## BRIEF
Sift the material for lines containing "zebra", and return them.

## EXTRACTED DATA
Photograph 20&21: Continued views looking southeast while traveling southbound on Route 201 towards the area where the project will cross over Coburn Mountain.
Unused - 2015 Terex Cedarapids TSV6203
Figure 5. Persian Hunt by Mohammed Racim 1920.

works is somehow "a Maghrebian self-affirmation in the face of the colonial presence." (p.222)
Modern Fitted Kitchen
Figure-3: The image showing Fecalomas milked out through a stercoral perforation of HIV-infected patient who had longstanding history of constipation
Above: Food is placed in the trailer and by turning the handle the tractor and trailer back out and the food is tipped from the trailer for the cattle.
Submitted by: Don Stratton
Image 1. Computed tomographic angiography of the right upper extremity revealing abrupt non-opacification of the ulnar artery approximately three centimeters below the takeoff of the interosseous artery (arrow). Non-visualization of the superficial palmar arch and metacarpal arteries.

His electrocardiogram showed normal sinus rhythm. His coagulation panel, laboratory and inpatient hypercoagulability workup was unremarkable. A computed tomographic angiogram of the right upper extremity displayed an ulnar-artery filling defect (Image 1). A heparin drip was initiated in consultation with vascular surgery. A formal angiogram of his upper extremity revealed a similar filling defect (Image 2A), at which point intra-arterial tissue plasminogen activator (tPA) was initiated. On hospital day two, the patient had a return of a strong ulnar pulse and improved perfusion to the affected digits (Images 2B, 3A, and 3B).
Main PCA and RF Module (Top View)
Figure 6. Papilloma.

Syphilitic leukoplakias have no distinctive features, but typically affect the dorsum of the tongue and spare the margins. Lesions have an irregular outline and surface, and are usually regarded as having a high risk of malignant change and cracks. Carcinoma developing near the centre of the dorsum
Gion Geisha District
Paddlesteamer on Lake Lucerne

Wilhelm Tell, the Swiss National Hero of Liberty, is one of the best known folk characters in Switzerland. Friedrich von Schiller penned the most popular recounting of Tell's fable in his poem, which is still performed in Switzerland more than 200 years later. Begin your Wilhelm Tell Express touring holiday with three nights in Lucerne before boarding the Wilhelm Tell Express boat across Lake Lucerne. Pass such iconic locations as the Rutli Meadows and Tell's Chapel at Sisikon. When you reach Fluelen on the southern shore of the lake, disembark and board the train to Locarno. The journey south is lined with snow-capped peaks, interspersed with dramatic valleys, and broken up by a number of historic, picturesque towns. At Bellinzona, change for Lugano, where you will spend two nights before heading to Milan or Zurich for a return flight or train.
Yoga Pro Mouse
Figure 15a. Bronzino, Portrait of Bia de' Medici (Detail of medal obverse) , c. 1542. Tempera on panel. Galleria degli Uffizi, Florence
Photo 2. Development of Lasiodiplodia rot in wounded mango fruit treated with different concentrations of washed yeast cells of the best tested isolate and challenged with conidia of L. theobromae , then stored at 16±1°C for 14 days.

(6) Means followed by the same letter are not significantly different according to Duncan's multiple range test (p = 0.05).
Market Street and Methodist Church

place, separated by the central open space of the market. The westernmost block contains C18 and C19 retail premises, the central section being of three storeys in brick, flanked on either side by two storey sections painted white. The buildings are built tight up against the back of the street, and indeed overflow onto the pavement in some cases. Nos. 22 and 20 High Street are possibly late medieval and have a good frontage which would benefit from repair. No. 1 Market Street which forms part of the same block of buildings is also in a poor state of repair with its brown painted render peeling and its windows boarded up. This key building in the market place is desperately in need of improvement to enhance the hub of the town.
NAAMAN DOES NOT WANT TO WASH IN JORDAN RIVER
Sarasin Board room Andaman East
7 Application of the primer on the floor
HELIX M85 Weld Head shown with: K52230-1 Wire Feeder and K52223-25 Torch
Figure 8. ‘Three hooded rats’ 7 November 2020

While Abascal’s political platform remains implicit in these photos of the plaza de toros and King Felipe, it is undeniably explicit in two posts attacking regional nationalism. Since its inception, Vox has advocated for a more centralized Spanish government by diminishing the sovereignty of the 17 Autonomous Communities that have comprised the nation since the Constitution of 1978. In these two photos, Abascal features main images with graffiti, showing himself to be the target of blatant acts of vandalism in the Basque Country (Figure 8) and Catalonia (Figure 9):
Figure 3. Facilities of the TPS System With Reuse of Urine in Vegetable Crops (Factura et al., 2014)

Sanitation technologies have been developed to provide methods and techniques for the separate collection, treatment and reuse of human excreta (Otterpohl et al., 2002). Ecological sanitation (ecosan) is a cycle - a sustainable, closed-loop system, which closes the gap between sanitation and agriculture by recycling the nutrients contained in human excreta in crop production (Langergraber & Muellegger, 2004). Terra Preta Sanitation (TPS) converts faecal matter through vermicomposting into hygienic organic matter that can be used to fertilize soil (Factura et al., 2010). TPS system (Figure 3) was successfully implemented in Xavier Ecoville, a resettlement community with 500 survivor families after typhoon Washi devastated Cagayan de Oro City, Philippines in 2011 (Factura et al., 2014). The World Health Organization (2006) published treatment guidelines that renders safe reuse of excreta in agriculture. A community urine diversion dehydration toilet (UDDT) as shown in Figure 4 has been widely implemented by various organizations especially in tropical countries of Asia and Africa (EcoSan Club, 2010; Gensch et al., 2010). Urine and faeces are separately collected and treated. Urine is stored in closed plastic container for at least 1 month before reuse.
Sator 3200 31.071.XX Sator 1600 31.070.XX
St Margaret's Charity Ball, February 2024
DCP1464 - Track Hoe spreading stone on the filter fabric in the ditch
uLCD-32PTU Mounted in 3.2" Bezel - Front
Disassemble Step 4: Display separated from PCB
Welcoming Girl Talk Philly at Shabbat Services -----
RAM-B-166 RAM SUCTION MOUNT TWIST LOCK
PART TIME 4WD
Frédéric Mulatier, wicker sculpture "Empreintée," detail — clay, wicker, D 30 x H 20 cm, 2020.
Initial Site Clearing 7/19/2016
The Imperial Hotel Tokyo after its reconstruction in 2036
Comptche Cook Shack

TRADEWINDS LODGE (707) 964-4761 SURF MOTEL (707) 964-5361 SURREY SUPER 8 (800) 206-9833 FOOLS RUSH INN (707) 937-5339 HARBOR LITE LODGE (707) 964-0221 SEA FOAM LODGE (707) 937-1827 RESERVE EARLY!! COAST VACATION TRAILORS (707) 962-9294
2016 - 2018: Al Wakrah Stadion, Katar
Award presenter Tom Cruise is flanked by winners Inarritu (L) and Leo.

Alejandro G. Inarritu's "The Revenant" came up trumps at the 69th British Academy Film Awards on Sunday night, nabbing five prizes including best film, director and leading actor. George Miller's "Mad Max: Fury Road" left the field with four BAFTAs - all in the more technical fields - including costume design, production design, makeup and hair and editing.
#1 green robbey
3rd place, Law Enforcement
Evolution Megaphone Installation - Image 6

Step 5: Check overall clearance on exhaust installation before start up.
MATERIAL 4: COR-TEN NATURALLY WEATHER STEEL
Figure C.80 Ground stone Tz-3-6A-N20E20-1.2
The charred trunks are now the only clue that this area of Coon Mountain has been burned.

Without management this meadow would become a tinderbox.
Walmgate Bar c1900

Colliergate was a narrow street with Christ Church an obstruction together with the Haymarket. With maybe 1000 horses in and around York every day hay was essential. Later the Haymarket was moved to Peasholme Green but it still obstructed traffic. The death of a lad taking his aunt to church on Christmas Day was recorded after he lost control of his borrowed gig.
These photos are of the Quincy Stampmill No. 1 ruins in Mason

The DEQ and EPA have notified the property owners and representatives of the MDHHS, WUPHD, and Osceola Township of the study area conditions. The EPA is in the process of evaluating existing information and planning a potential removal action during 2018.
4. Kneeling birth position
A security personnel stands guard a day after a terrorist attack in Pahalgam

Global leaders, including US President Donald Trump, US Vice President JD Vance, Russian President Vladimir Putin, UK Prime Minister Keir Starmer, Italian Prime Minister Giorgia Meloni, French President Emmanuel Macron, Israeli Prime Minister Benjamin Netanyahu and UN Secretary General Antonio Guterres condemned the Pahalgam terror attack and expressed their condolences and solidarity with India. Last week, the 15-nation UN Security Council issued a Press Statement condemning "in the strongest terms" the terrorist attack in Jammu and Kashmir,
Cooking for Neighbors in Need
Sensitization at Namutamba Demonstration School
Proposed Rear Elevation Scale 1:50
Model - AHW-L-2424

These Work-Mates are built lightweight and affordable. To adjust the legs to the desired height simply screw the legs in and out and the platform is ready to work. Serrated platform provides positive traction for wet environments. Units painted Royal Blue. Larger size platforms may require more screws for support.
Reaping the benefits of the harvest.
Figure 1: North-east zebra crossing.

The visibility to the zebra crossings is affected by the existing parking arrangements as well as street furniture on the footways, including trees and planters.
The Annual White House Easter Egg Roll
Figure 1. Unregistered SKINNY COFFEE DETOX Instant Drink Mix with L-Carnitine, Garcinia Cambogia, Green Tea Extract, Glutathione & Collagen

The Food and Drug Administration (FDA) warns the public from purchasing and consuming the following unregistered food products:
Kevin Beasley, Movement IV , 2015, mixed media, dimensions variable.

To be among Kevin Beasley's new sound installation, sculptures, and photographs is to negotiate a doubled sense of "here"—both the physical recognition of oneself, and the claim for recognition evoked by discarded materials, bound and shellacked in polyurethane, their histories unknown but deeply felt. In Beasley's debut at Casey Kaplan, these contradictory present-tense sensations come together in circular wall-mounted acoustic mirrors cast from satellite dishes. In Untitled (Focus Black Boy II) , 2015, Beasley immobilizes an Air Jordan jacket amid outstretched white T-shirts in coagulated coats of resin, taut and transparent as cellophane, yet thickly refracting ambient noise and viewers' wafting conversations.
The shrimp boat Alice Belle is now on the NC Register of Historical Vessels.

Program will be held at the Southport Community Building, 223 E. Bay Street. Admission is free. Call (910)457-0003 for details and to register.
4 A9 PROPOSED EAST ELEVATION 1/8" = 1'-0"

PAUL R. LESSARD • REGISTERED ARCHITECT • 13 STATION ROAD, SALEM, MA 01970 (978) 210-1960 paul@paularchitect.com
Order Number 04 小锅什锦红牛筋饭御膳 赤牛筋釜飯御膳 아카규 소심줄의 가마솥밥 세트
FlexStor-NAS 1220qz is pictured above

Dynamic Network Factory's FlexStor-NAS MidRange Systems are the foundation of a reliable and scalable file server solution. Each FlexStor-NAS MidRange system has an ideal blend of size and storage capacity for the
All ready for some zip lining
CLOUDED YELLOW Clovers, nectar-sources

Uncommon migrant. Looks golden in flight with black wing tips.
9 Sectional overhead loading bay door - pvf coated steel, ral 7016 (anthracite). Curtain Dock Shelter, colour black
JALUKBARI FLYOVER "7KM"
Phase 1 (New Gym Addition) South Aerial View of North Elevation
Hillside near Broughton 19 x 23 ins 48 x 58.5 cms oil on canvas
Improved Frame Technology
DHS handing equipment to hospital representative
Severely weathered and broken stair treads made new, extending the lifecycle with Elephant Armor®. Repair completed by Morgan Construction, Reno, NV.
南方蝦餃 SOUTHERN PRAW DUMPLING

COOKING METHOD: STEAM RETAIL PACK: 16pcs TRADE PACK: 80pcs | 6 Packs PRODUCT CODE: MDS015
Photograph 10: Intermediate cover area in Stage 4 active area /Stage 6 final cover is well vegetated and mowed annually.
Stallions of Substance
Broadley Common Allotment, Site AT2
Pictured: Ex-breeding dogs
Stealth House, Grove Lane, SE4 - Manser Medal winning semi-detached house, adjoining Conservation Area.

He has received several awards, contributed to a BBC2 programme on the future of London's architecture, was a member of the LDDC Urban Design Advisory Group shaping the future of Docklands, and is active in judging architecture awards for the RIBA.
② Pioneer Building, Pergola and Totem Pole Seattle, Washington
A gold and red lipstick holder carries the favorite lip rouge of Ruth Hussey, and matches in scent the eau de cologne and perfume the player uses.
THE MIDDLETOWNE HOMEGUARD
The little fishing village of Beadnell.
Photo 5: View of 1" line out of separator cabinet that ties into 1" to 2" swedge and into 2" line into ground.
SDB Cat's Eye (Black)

## OUTPUT
Figure 1: North-east zebra crossing.
The visibility to the zebra crossings is affected by the existing parking arrangements as well as street furniture on the footways, including trees and planters.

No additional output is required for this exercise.